ASSIGNED TASK - Omit all pictures, then retype exactly the lines from the one that contains "- Gravel creek" through the end of the listing.

DATASET EXTRACT -
--------------------

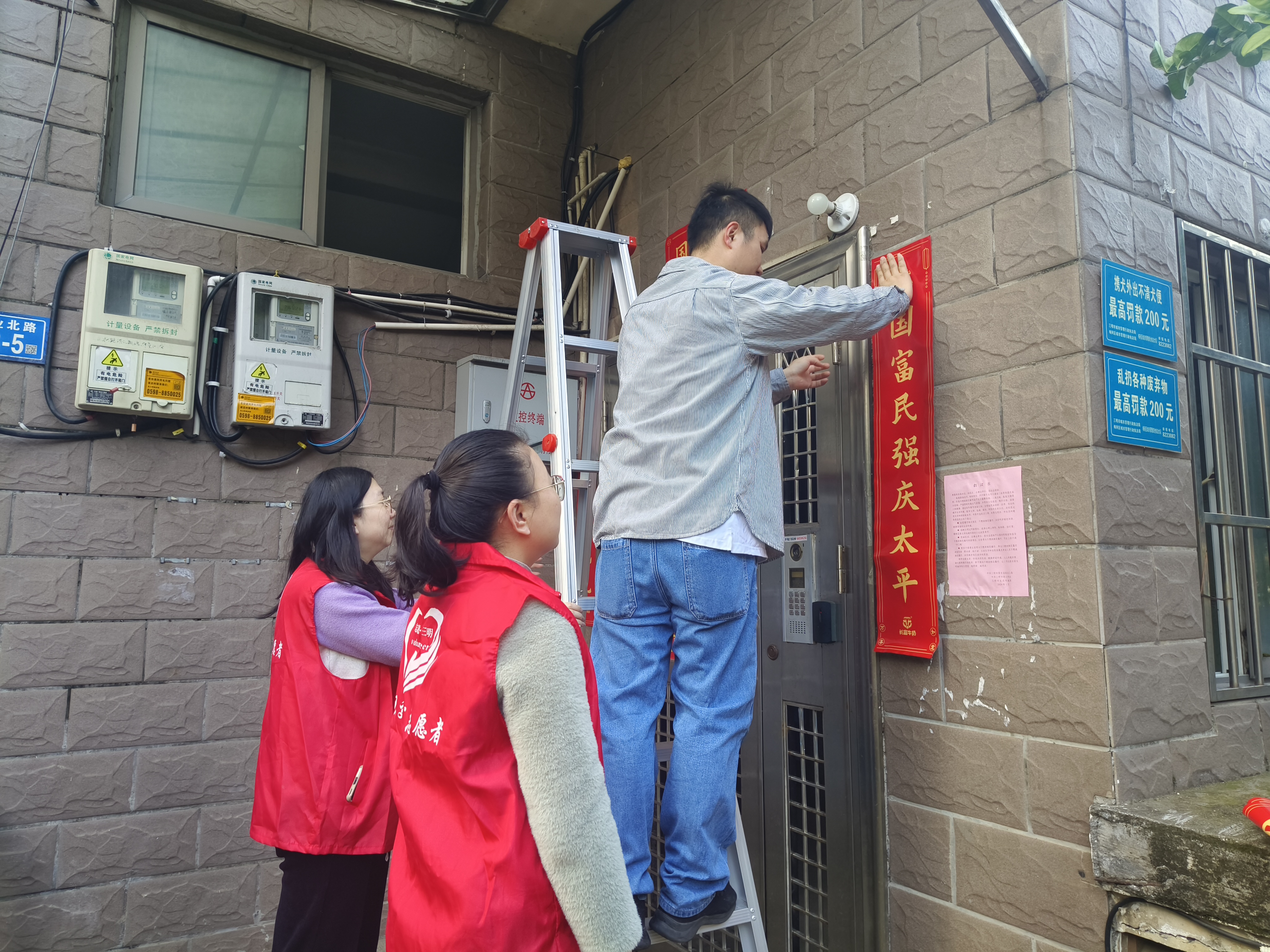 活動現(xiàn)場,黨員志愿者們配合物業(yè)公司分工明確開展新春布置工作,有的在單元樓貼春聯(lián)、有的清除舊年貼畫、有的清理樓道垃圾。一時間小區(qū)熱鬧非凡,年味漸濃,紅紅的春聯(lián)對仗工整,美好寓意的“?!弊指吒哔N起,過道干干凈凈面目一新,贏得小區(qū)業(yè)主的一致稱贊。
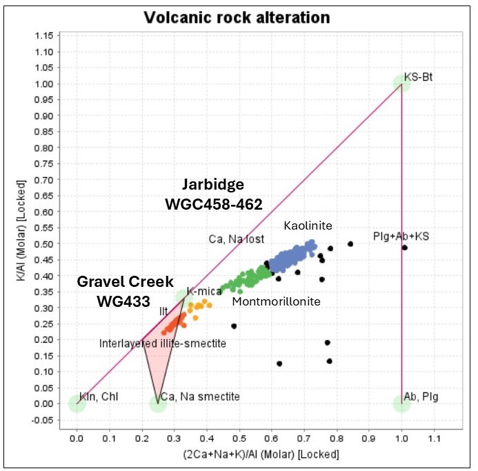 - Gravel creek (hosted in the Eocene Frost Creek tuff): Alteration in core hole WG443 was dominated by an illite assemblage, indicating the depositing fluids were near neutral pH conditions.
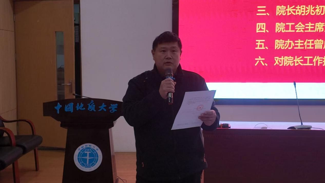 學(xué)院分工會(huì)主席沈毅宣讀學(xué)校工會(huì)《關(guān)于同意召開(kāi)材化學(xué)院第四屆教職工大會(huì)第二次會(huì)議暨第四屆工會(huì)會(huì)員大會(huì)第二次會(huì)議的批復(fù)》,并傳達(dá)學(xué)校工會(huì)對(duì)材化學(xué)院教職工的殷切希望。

--------------------

OUTPUT OF THE TASK -
 - Gravel creek (hosted in the Eocene Frost Creek tuff): Alteration in core hole WG443 was dominated by an illite assemblage, indicating the depositing fluids were near neutral pH conditions.
 學(xué)院分工會(huì)主席沈毅宣讀學(xué)校工會(huì)《關(guān)于同意召開(kāi)材化學(xué)院第四屆教職工大會(huì)第二次會(huì)議暨第四屆工會(huì)會(huì)員大會(huì)第二次會(huì)議的批復(fù)》,并傳達(dá)學(xué)校工會(huì)對(duì)材化學(xué)院教職工的殷切希望。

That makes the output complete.